Reproduce the listing in full, pictures excluded.

__Supplied material__
--- START ---

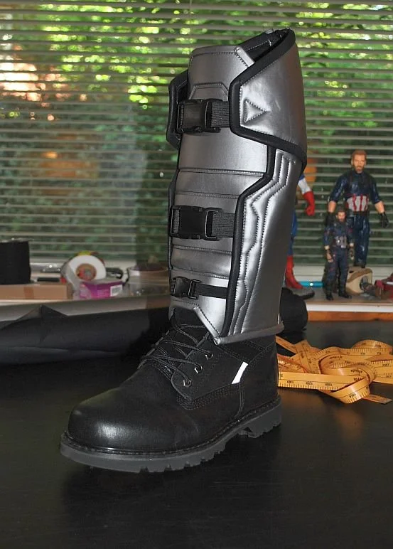 And, the boots (as well as a slightly blurry phone pic of how they fit with the pants). Once the foam base was complete, the lower surface was covered in thin foam to add padding.
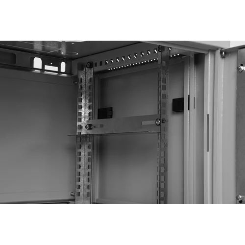 Дверь шкафа стеклянная, стекло 5 мм и поставляется с замком. Установка двери возможна как с правой, так и с левой стороны. Замок защищает от нежелательного доступа третьих лиц в шкаф. Боковые панели шкафов - легкосъемные для упрощения доступа к установленному оборудованию, снабжены защелками.
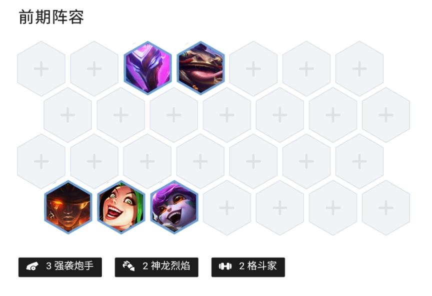 6.前期运营:2-1升四人口,2-4升五人口,前期需要保连胜,因此当阵容强度不足是可以直接拉五人口。用3炮手 2神龙烈焰 2格斗家过渡,前期大部分两星都能保证连胜。
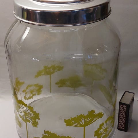 Lasinen aaltoileva purkki jossa puinen kansi. Ollut koristeena.

--- END ---

__Problem solution__
 And, the boots (as well as a slightly blurry phone pic of how they fit with the pants). Once the foam base was complete, the lower surface was covered in thin foam to add padding.
 Дверь шкафа стеклянная, стекло 5 мм и поставляется с замком. Установка двери возможна как с правой, так и с левой стороны. Замок защищает от нежелательного доступа третьих лиц в шкаф. Боковые панели шкафов - легкосъемные для упрощения доступа к установленному оборудованию, снабжены защелками.
 6.前期运营:2-1升四人口,2-4升五人口,前期需要保连胜,因此当阵容强度不足是可以直接拉五人口。用3炮手 2神龙烈焰 2格斗家过渡,前期大部分两星都能保证连胜。
 Lasinen aaltoileva purkki jossa puinen kansi. Ollut koristeena.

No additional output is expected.